In November 2010, the National Heart, Lung, and Blood Institute celebrated the 100th year anniversary of the discovery of sickle cell disease (SCD) in the United States by hosting the Herrick Symposium. Despite progress in the past 100 years, there is just one treatment available (hydroxyurea) and, while SCD is no longer considered only a disease of children, patients' life spans remain severely shortened (42 and 48 years, respectively, for males and females).1 With restrictions in residency hours and hospitals efforts to contain costs, hospitalists are increasingly being called upon to manage inpatient care for adults with SCD during their hospitalization. With the Centers for Medicare and Medicaid Services' recent plans to penalize hospitals with 30‐day readmission rates in excess of expected, hospitalists should address the challenges they face in providing care to adults with SCD and identify strategies to successfully meet them.

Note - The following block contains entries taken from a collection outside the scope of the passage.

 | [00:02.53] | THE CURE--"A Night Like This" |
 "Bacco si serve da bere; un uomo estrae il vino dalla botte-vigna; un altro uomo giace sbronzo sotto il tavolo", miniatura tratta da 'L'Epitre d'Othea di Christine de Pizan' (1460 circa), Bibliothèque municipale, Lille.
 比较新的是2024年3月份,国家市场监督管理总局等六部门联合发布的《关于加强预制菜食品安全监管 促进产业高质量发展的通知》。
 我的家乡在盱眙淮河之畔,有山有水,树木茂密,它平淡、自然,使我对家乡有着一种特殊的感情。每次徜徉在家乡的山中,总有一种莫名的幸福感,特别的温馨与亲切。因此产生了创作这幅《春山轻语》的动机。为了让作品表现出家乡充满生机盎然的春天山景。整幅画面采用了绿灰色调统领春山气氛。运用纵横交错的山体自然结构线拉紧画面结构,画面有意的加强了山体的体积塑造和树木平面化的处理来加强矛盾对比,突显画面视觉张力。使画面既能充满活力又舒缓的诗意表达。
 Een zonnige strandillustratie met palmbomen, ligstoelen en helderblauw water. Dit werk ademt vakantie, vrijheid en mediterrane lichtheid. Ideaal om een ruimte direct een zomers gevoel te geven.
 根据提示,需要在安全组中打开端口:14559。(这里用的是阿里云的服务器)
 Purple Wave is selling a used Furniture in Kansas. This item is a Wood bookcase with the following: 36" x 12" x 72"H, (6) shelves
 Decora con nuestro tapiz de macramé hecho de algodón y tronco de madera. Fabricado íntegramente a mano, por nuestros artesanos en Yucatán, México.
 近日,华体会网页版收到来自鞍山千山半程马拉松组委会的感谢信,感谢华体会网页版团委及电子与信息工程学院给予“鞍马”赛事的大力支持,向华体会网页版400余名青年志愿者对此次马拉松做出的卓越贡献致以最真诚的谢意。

In this issue of the Journal of Hospital Medicine, Carroll and colleagues examined data from the California State Inpatient Database provided by the Healthcare Cost and Utilization Project (HCUP) for persons with International Classification of Diseases, Ninth Revision (ICD‐9) codes for SCD.2 They characterized patterns of hospital use during a 4‐year study period. Records for all patients, age 13 and older, with an admission for an SCD ICD‐9related cause were included. Patients with 4 or more hospitalizations in a 12‐month period were classified as having high hospital utilization, and 25% of the 1879 different patients evaluated fell into this category. A general perception exists that most persons with SCD have high hospital utilization, but data from Carroll et al. challenge this perception.2

While 1 in 4 patients in the cohort had high hospital utilization, why were not even more able to stay out of the hospital? Characteristics of these high utilizers shed light on contributing factors. Many patients died in the hospital (6.6%), consistent with research by others who also demonstrated the high risk of death associated with rehospitalization among patients with SCD.3, 4 In a prospective cohort study of 71 adults with either 70 hospital days or 6 admissions in a 12‐month period, 15% of the cohort died within a 24‐month study period.3 Patients with the highest number of hospital days, and those suffering from depression, were at highest risk of death. A separate prospective, longitudinal, 4‐year cohort study of adults with sickle cell anemia found an overall mortality of 14%.4 Mortality for those readmitted within 1 week of a painful crisis was 20%, compared to 11% for others in the cohort. High hospitalization use and hospital readmissions should be seen as worrisome markers of high risk for death, and patients should be carefully evaluated for life‐threatening complications, and not assumed to be purely drug seeking.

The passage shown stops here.